Brzezinksi’s Boca Raton-based lawyer, Brian Glick, calls Kramer’s assertion “absolutely untrue.” According to Glick, Kramer’s lawyer, Richard Sharpstein, initiated discussions about a settlement amount and offered $5,000. Glick remembers countering with a request for “substantially more” money, but says he cannot recall the exact number he mentioned to Sharpstein. “But frankly, I don’t see anything wrong with [$575,000] if that was the number,” he adds. The filed complaint doesn’t specify any dollar amount; Glick notes that jurors set monetary penalties. “He should be a gentleman and step up to the plate,” Glick says of Kramer.

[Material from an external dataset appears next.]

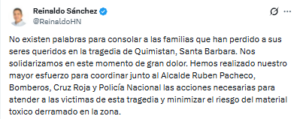 “No existen palabras para consolar a las familias que han perdido a sus seres queridos en la tragedia de Quimistán, Santa Bárbara. Nos solidarizamos en este momento de gran dolor”, manifestó el funcionario.
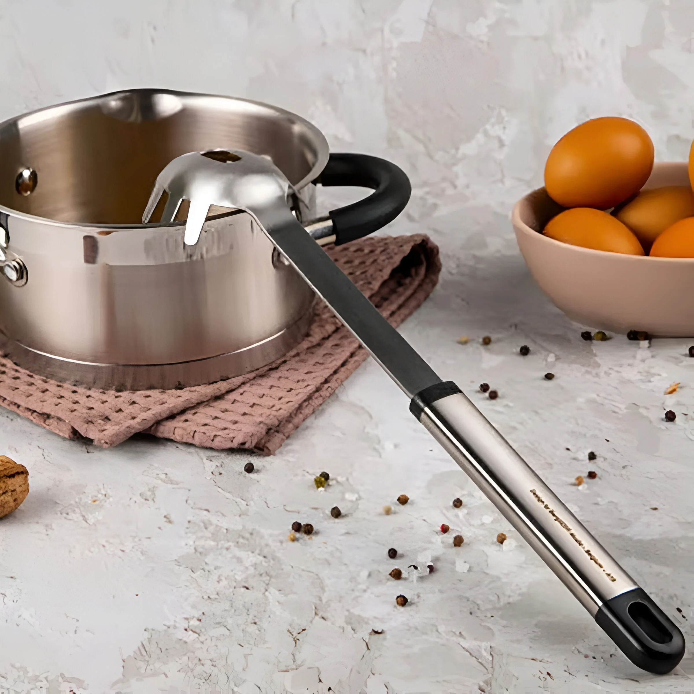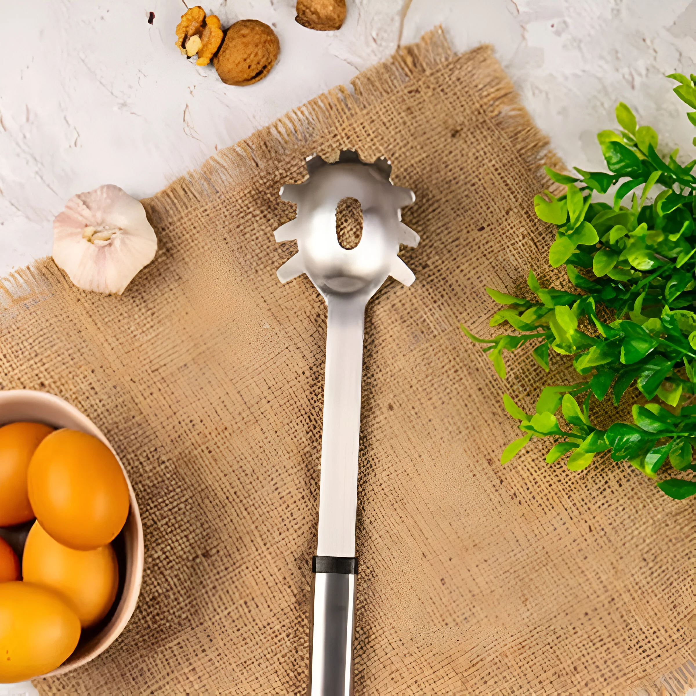 - Esta cuchara es perfecta tanto para servir la pasta como para escurrirla dentro de la olla en la que se está cociendo.

Now Kramer is laughing, having just joked that Brzezinski refused to allow police to photograph the allegedly groped evidence. Litigation, he maintains, just comes with the territory of a wealthy high-rise developer. “I have this 100 times in my life. Other people who are famous have it 200 times, 300 times,” Kramer says. “Everybody who has money gets nailed. And because they are religious leaders or politicians who can’t get their white vest dirty they have to pay them off. I don’t. I don’t pay people off. I go and fight. I’m a double Taurus. I’m meant to fight. I love it.”
He would even have you believe he adores the mother of all anti-Kramer lawsuits, the one his former father-in-law, Siegfried Otto, filed against him to get his $145 million back. Kramer maintains it was a gift. When Otto died in 1996, while the case was under appeal, his heirs, Verena von Mitschke-Collande and Claudia Miller-Otto, became the plaintiffs. So far, Swiss and Florida courts have ruled against Kramer. This past April a state circuit-court judge in Miami-Dade ruled that Kramer owes the daughters $108 million. The case is under appeal.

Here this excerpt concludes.